Data extracted from a collection
··········

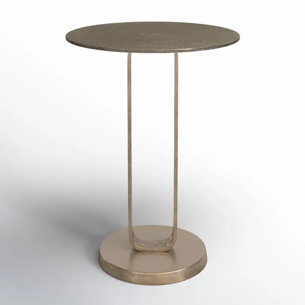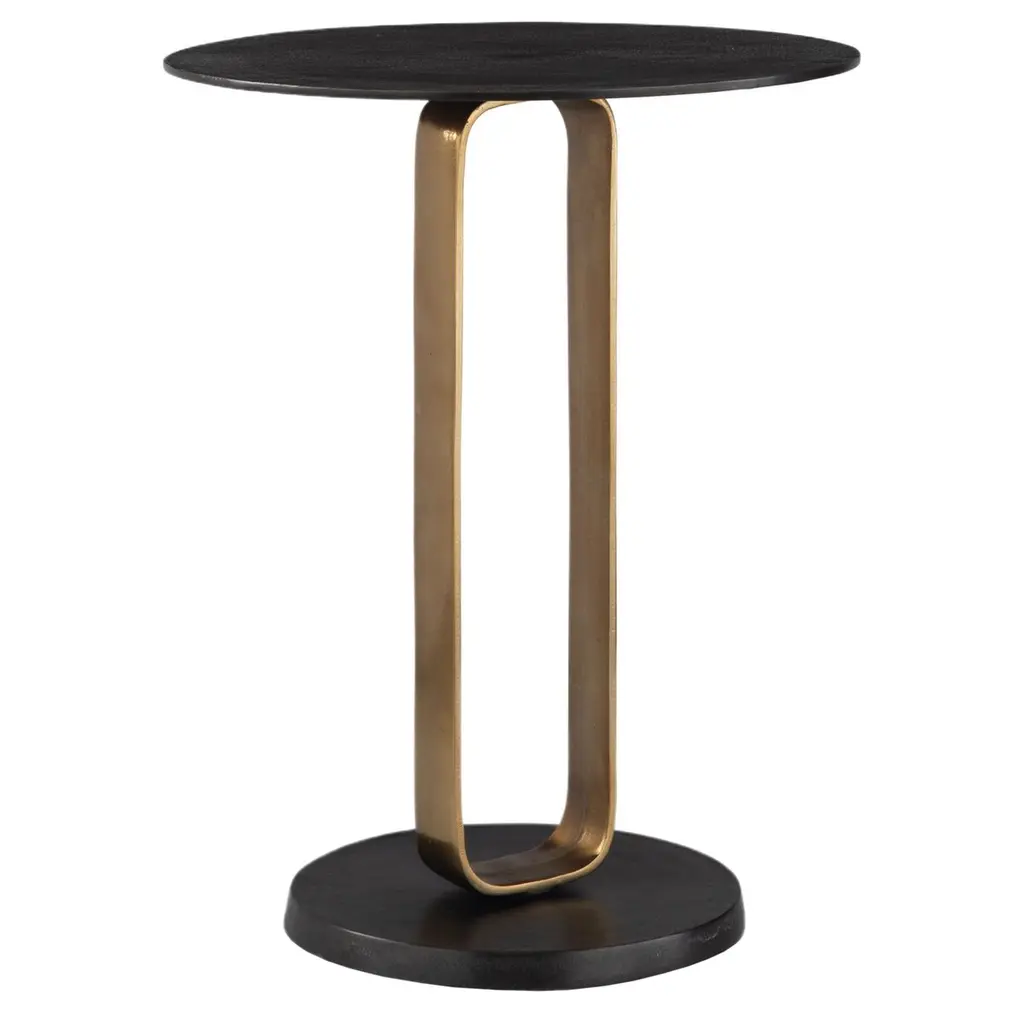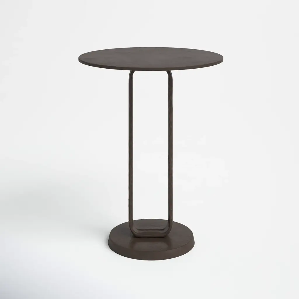 Precise curves with modern presence. Rounded base and tabletop of antique rust-finished aluminum are connected via a shapely ring, for an open look and fun blend of scale and proportion. Safe for outdoor spaces. Cover or store indoors during inclement weather and when not in use.
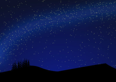 Nightscape with land and sky, simple drawing. Cosmic
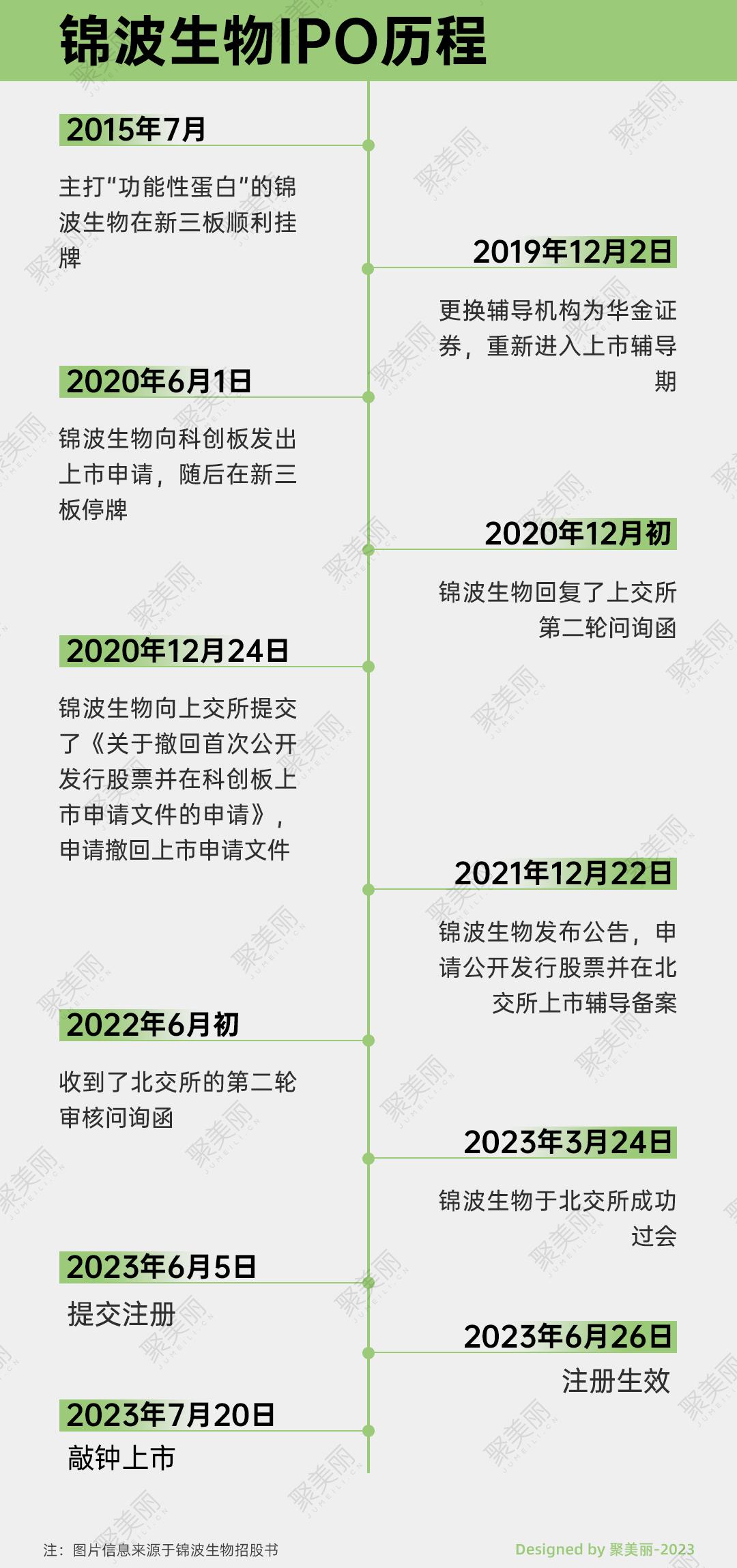 而相比巨子生物在港交所敲钟只用了半年时间,锦波生物的IPO之路更为曲折。自2020年6月1日向科创板提出上市申请,到2021年12月,锦波生物开始转战北交所,再到今日敲钟,耗费近3年时间。
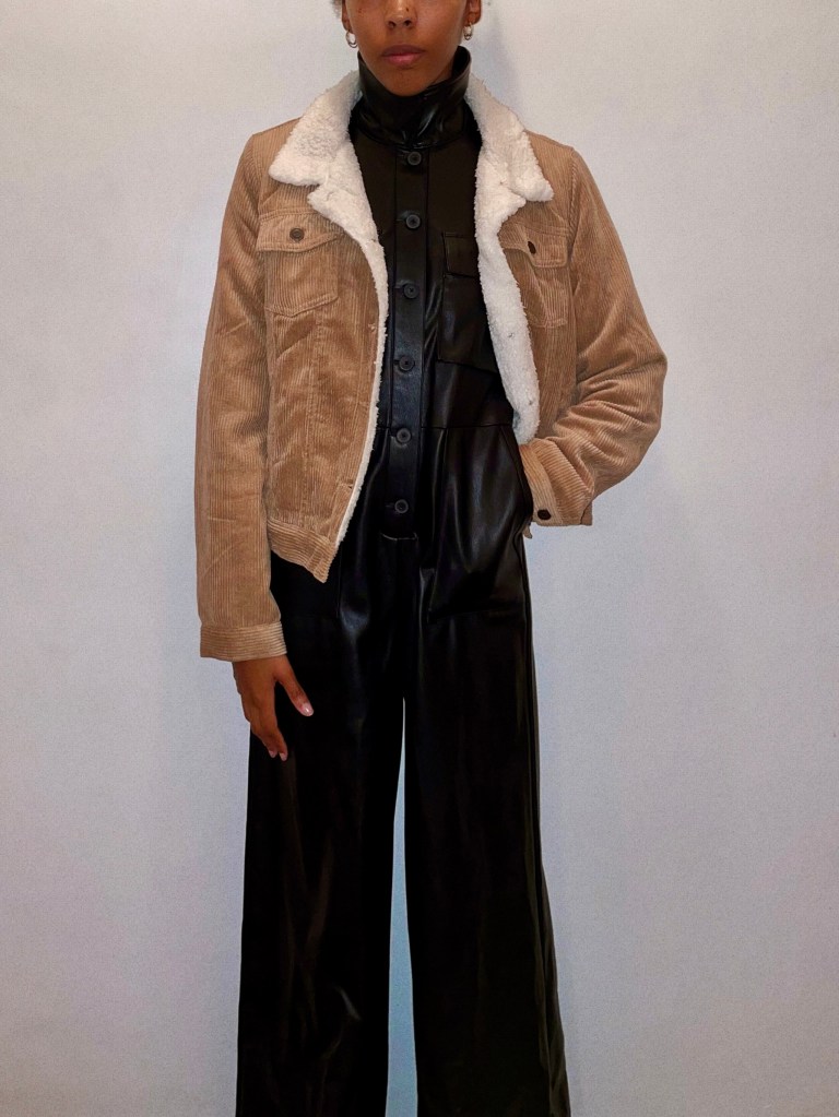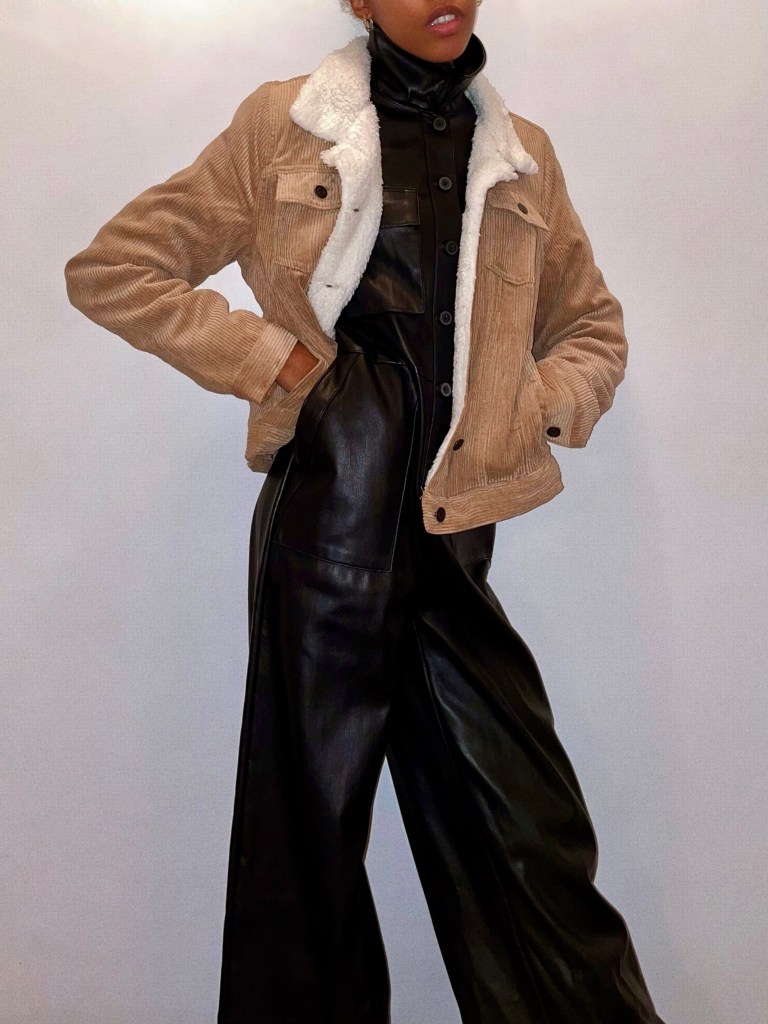 Typically when people think of wearing leather, the idea is to put on a leather jacket as outerwear for finishing touch to an outfit. Instead, I’m layering on top of the leather. My leather jumpsuit creates such a strong vertical line on the body. Adding the accent on the outside is such a different way to style the outfit.
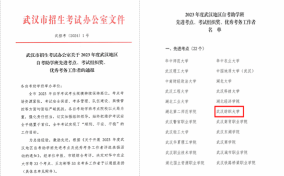 近日,武汉市招生考试办公室发布了《关于2023年度武汉地区自考助学班先进考点、考试组织奖、优秀考务工作者的通报》(武招考〔2024〕1号),william威廉亚洲官方被评为自考先进考点,继教学院张娟同志被评为优秀考务工作者。
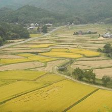 ビューポイントの一つが朝日観音・夕日観音に登る道の途中にあります。ちょうど稲刈りの時期で、刈入れを終えた田と稲穂がたわわに実る田のコントラストがある写真を撮ることができました。
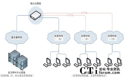 河北博岳呼叫中心職場分為1個(gè)中心職場和2個(gè)分部,之間相隔幾公里至幾十公里,以VoIP通路連接,所有職場統(tǒng)一管理,最大程度的適應(yīng)了呼叫中心建設(shè)的個(gè)性化需求,同時(shí),這種布局還大大降低了租用場地的成本,也方便話務(wù)員就近上班。
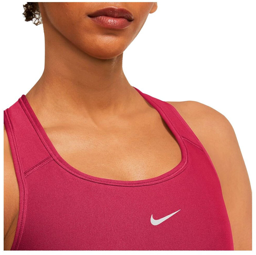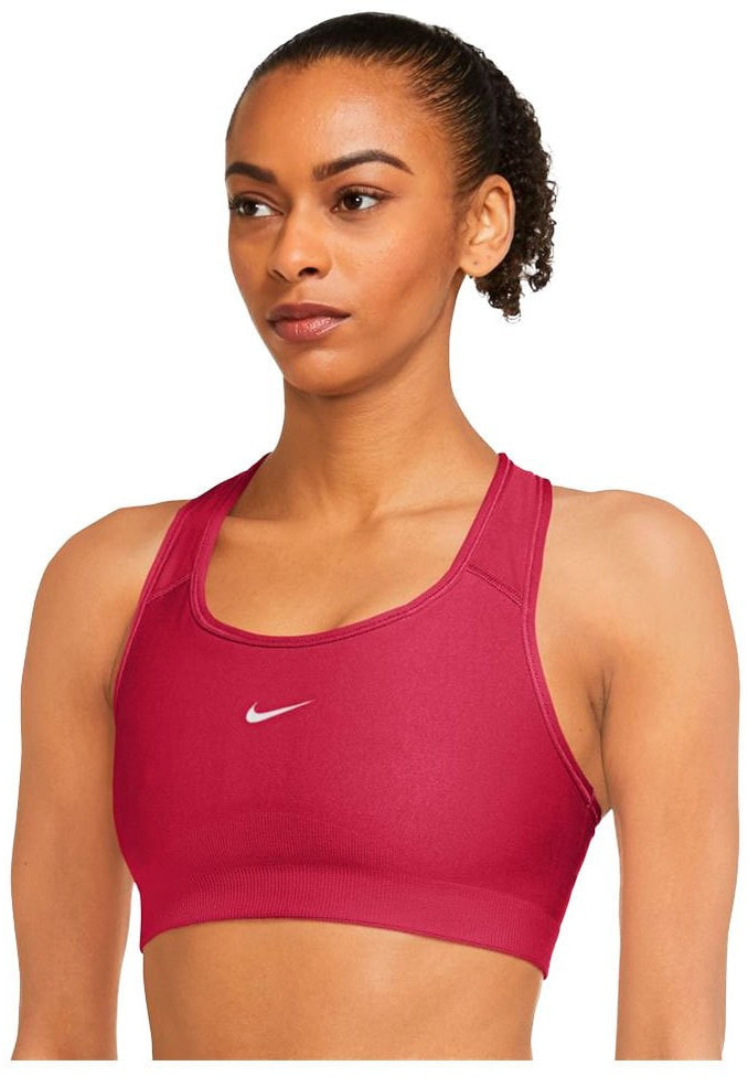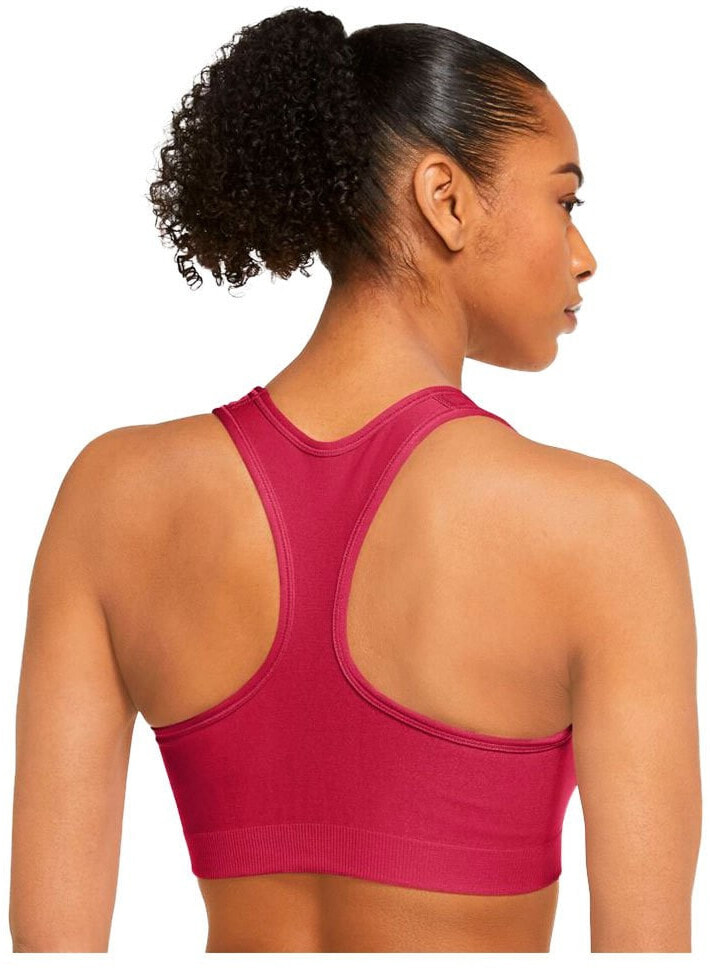 With wide, comfy straps in a in a virtually seam-free design, the Nike Dri-FIT Swoosh Seamless Sports Bra feels snug and secure while you move.

··········

What this task involves.
In the entries above, find the line containing "河北博岳呼叫中心職場分為1個"; transcribe exactly that line and every line after it through the end, and only those, omitting pictures.

Exercise output.
 河北博岳呼叫中心職場分為1個(gè)中心職場和2個(gè)分部,之間相隔幾公里至幾十公里,以VoIP通路連接,所有職場統(tǒng)一管理,最大程度的適應(yīng)了呼叫中心建設(shè)的個(gè)性化需求,同時(shí),這種布局還大大降低了租用場地的成本,也方便話務(wù)員就近上班。
 With wide, comfy straps in a in a virtually seam-free design, the Nike Dri-FIT Swoosh Seamless Sports Bra feels snug and secure while you move.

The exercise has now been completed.